Question

If \(5 \mathrm{x}+12 \mathrm{y}+13=0\) is transformed into \(x \cos \alpha+\mathrm{ysin} \alpha=\mathrm{p}\) then \(\alpha=? \alpha \in[-\pi, \pi]\) (a) \(\cos ^{-1}[-(5 / 13)]\) (b) \(\sin ^{-1}[-(12 / 13)]\) (c) \(\tan ^{-1}(12 / 5)-\pi\) (d) \(\tan ^{-1}(12 / 5)\)

Short answer

(a) \(\cos^{-1}\left[-\left(\frac{5}{13}\right)\right]\)

Step-by-step solution

Analyzing the given information

We have the linear equation, \(5x + 12y + 13 = 0\), and its transformed equation, \(x\cos\alpha + y\sin\alpha = p\). We need to find the relationship between the coefficients of the given equation and the transformed equation.

Make the given equation similar to the transformed one

Dividing the entire equation by \(\sqrt{(5^2 + 12^2)}\), or \(\sqrt{169}\), will give us the equation in a form resembling the transformed equation: \(\frac{5}{13}x + \frac{12}{13}y + \frac{13}{13} = 0\) Now it looks similar to \(x\cos\alpha + y\sin\alpha = p\).

Comparing coefficients

We can now see that there is a relationship between the coefficients of the two equations: \(\frac{5}{13} = \cos\alpha\) ⇒ \(\cos\alpha = \frac{5}{13}\) \(\frac{12}{13} = \sin\alpha\) ⇒ \(\sin\alpha = \frac{12}{13}\) The next step is to use these relationships to find \(\alpha\).

Finding α using inverse trigonometric functions

We can use the inverse trigonometric functions to find \(\alpha\). We have the following options: (a) \(\cos ^{-1}[-(5 / 13)]\) (b) \(\sin ^{-1}[-(12 / 13)]\) (c) \(\tan ^{-1}(12 / 5)-\pi\) (d) \(\tan ^{-1}(12 / 5)\) However, these do not directly match with what we have found: \(\cos\alpha = \frac{5}{13}\) and \(\sin\alpha = \frac{12}{13}\). We must first recognize that the coefficients of the original equation have opposite signs compared to the transformed equation. This means we're looking for answers that use the negative of these coefficients—options (a) and (b).

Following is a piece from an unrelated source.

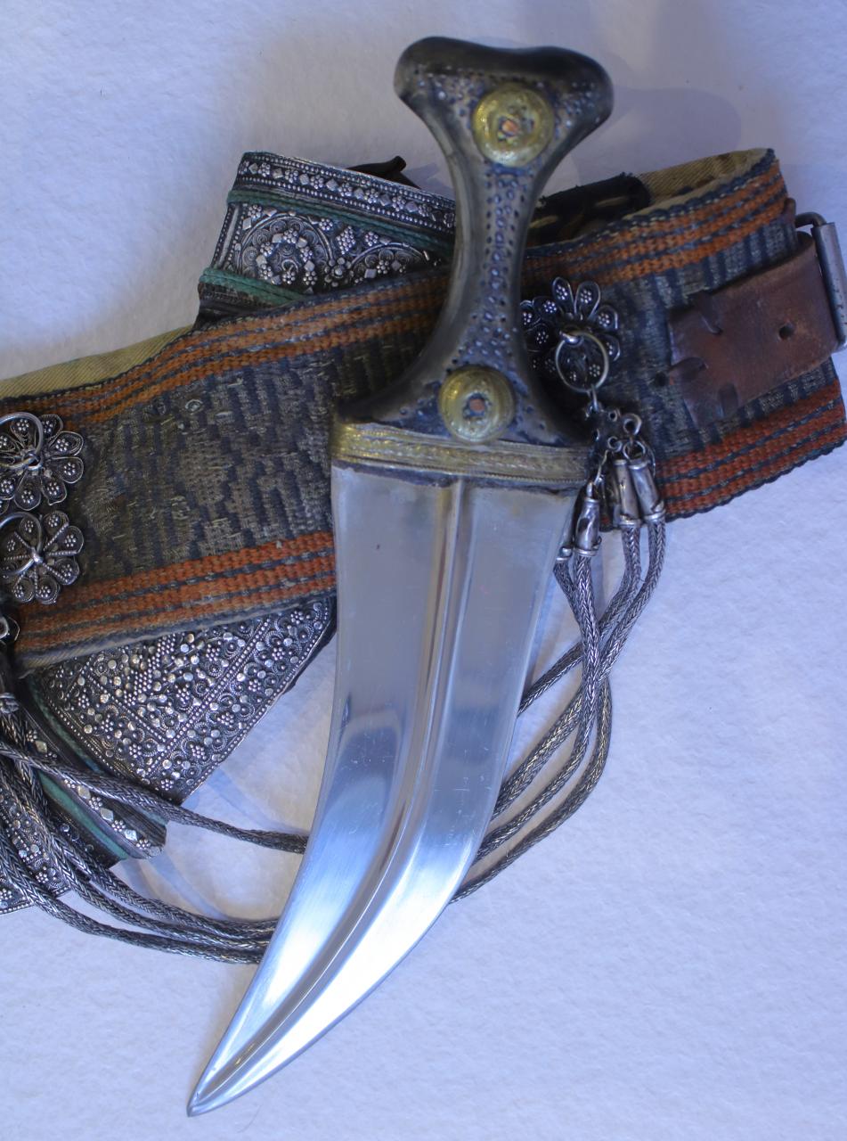 One of my latest acquisitions, a thouma jambiya with a silver scabbard and belt with silver accessories. The quality of the silverware is quite good. I spent a few hours cleaning up the silver with a toothbrush and a very small amount of water and toothpaste and finished with a silver polishing cloth. Rewarding, much more detail became visible. The jambiya is again one of the hollow blade type and the quality is much lower than that of the scabbard. I wonder if they belong together even though the fit is good. Has traces of use but estimate 2nd half 20th century. Comments welcome.

Finding the correct answer

We can now choose the correct answer from our choices (a) and (b). Since we've accounted for the negative sign, \(\cos^{-1}(5/13)\) and \(\sin^{-1}(12/13)\) should give the same value of \(\alpha\). Thus, the correct answer is: (a) \(\cos^{-1}\left[-\left(\frac{5}{13}\right)\right]\)

Key concepts

Linear Equations

Linear equations are fundamental in algebra and represent the relationship between two variables in the form of a straight line when plotted on a graph. They typically take the form of ax + by + c = 0, where a, b, and c are coefficients and constants, and x and y are variables.

Understanding how to manipulate and solve linear equations is crucial, as they appear frequently in various areas of mathematics and the sciences. The process often involves isolating one variable, simplifying algebraic expressions, and solving for the value of the variable. One way to transform a linear equation is by normalizing it, which can be done by dividing the entire equation by a common factor, making the comparison to another form clearer. This method is especially useful when comparing coefficients in different representations of a linear equation, such as the example in our exercise.

Trigonometric Coefficients

In trigonometry, the coefficients of trigonometric functions like sin and cos can be seen as instructions on how to scale or adjust the amplitude of these functions. Trigonometric coefficients within linear equations can act as a bridge between algebraic and trigonometric forms.

Comparing Coefficients

The comparison works by relating the linear coefficients to the coefficients of trigonometric functions in an equation. From our exercise, the coefficients of x and y in the linear equation can be directly compared to the trigonometric coefficients in its transformed version. This lets students visualize and understand that every linear relationship between two variables can also be expressed using trigonometry when angles come into the picture. It's a fabulous way to see the interconnectedness of mathematical concepts!

Trigonometric Identities

Trigonometric identities are equations involving trigonometric functions that are true for any value of the variable within their domain. Examples include sin^2(θ) + cos^2(θ) = 1 and tan(θ) = sin(θ)/cos(θ). Identities allow us to express one trigonometric function in terms of others and are essential when solving trigonometric equations.

When working with inverse trigonometric functions to solve for an angle, it is crucial to remember the constraints of the principal values. The sin^-1 and cos^-1 functions return values within certain intervals, typically [-π/2, π/2] for sin^-1 and [0, π] for cos^-1, which is crucial for finding the accurate value of an angle that aligns with the given conditions, as shown in the exercise.